To reconstruct the image using trained model and to visualize block decomposition per scale like Fig. 4 in the paper, see [image_test.ipynb](image_test.ipynb) or [mesh_test.ipynb](mesh_test.ipynb)

Examples:










# :bulb: Implementation tricks

* Setting `num_workers=0` in dataloader increased the speed a lot.
* As suggested in *training details* on page 4, I implement parallel block inference by defining parameters of shape `(n_blocks, n_in, n_out)` and use `@` operator (same as `torch.bmm`) for faster inference.
* To perform block pruning efficiently, I create two copies of the same network, and continually train and prune one of them while copying the trained parameters to the target network (somehow like in reinforcement learning, e.g. DDPG). This allows the network as well as the optimizer to shrink, therefore achieve higher memory and speed performance.
* In validation, I perform inference in chunks like NeRF, and pass each chunk to cpu to reduce GPU memory usage.

# :gift_heart: Acknowledgement

* Pluto image: [NASA](https://solarsystem.nasa.gov/resources/933/true-colors-of-pluto/?category=planets/dwarf-planets_pluto)

* Shibuya image: [Trevor Dobson](https://www.flickr.com/photos/trevor_dobson_inefekt69/29314390837)

* Tokyo station image: [baroparo](https://pixabay.com/photos/tokyo-station-tokyo-station-japan-641769/?download)

* [Stanford scanning](http://graphics.stanford.edu/data/3Dscanrep/)

* [Turbosquid](https://www.turbosquid.com/)

# :question: Further readings

During a stream, my audience suggested me to test on this image with random pixels:

![random](https://user-images.githubusercontent.com/11364490/168567099-56c226a8-9f79-4710-9291-cc7ecef26f6d.png)
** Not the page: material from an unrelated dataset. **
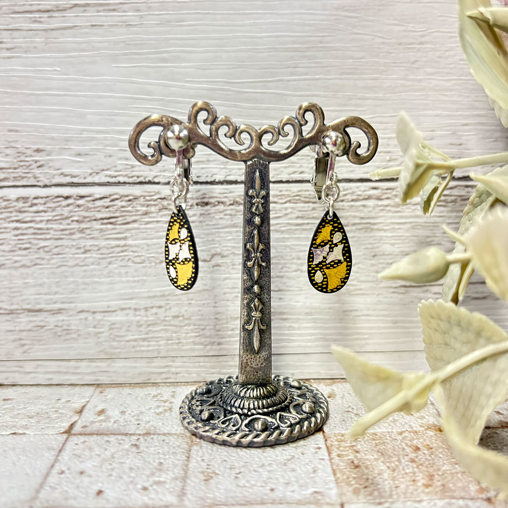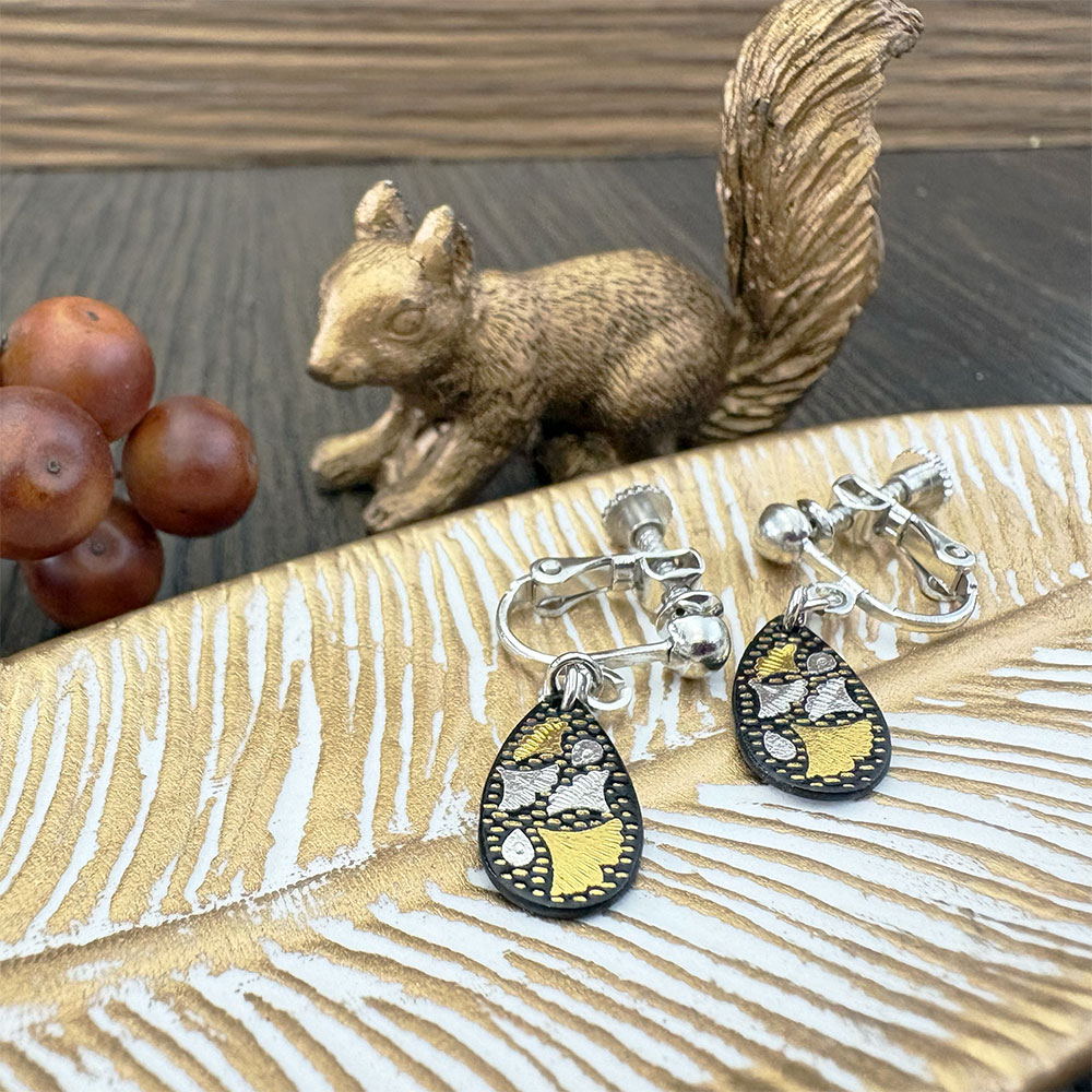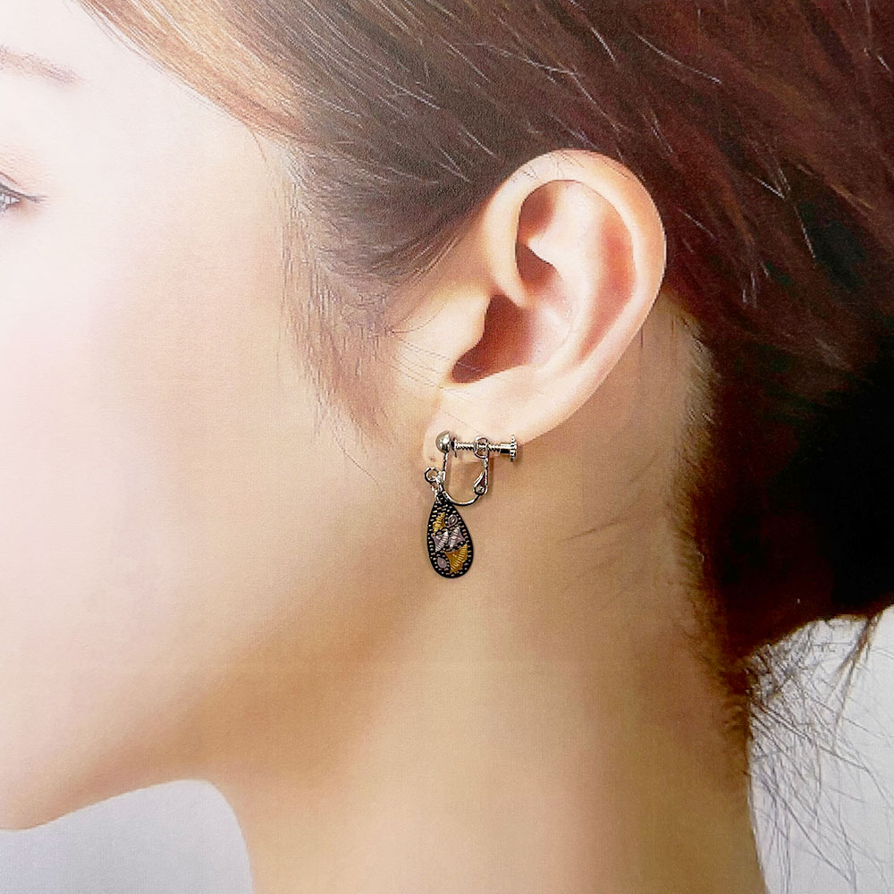 耳元のアクセントに象嵌イヤリング。
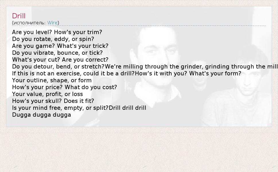 Are you level? How's your trim? Do you rotate, eddy, or spin? Are you game? What's your trick? Do you vibrate, bounce, or tick? What's your cut? Are you correct? Do you detour, bend, or stretch?We're milling through the grinder, grinding through the mill If this is not an exercise, could it be a drill?How's it with you? What's your form? Your outline, shape, or form How's your price? What do you cost? Your value, profit, or loss How's your skull? Does it fit? Is your mind free, empty, or split?Drill drill drill Dugga dugga dugga

The default `32x32` patch size doesn't work well, since the texture varies too quickly inside a patch. Decreasing to `16x16` and increasing network hidden units make the network converge right away to `43.91 dB` under a minute. Surprisingly, with the other image reconstruction SOTA [instant-ngp](https://github.com/NVlabs/instant-ngp#image-of-einstein), the network is stuck at `17 dB` no matter how long I train.

![ngp-random](https://user-images.githubusercontent.com/11364490/168567783-40a9c123-01af-472c-9885-e52a778df18e.png)

Is this a possible weakness of instant-ngp? What effect could it bring to real application? You are welcome to test other methods to reconstruct this image!